═══ RECORD EXTRACTS

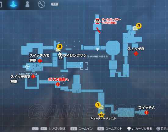 通关后在Treasure中队房间有莉法、西莉卡、莉兹、克莱因的支线,奖励是服装的制作图。西莉卡的支线是去各图清蝎子型小怪,一般能找到。莉法是打新迷宫的加强版BOSS(打倒流程BOSS后可攻略,传送到最深处后有岔路,新开的就是加强BOSS)。莉兹是打新迷宫中的敌对Player,克莱因是新迷宫寻宝(图中以【宝1】标注位置),具体看下图。
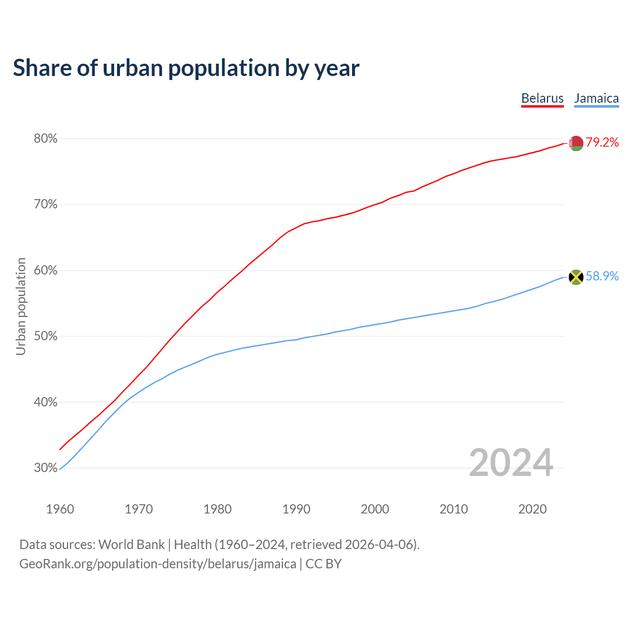 From 2004 to 2024, the share of urban population changed from 71.8% to 79.2% in Belarus and from 52.6% to 58.9% in Jamaica.
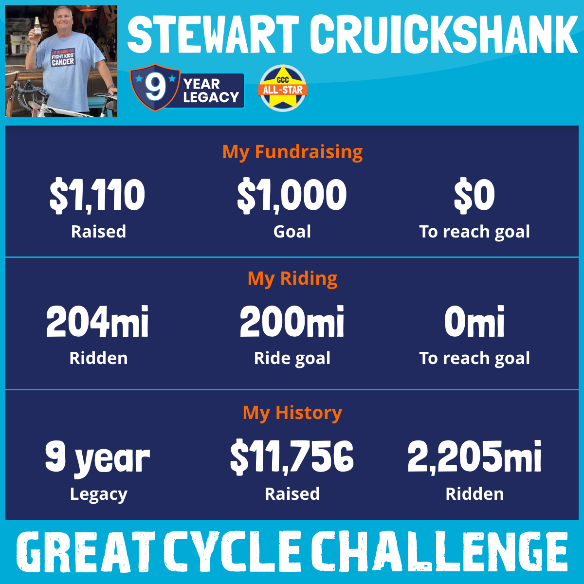 Because of you, I am close to raising $11,000 and over 2,000 miles. This September will be a little more challenging for me. I had foot surgery and I will gone for a big part of September but none of that compares to what the kids go through every day, so I will never complain.
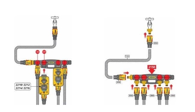 • 1/2" - 3/4” veya 1” musluklara takılarak aynı anda dört farklı yöne su dağıtımını sağlar.
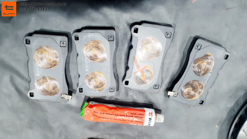 패드는 소음방지와 리턴에 도움을 주는 내열구리스를 도포해줍니다
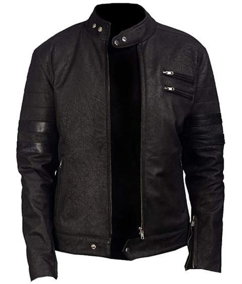 Men's Black Biker Stribe Snuff Lambksin Leather Jacket with 100% Polyester lining for motorcycle guys

══════

## WHAT IS NEEDED:
Restate the entries verbatim and exclude any pictures.

## ANSWER SPACE:
 通关后在Treasure中队房间有莉法、西莉卡、莉兹、克莱因的支线,奖励是服装的制作图。西莉卡的支线是去各图清蝎子型小怪,一般能找到。莉法是打新迷宫的加强版BOSS(打倒流程BOSS后可攻略,传送到最深处后有岔路,新开的就是加强BOSS)。莉兹是打新迷宫中的敌对Player,克莱因是新迷宫寻宝(图中以【宝1】标注位置),具体看下图。
 From 2004 to 2024, the share of urban population changed from 71.8% to 79.2% in Belarus and from 52.6% to 58.9% in Jamaica.
 Because of you, I am close to raising $11,000 and over 2,000 miles. This September will be a little more challenging for me. I had foot surgery and I will gone for a big part of September but none of that compares to what the kids go through every day, so I will never complain.
 • 1/2" - 3/4” veya 1” musluklara takılarak aynı anda dört farklı yöne su dağıtımını sağlar.
 패드는 소음방지와 리턴에 도움을 주는 내열구리스를 도포해줍니다
 Men's Black Biker Stribe Snuff Lambksin Leather Jacket with 100% Polyester lining for motorcycle guys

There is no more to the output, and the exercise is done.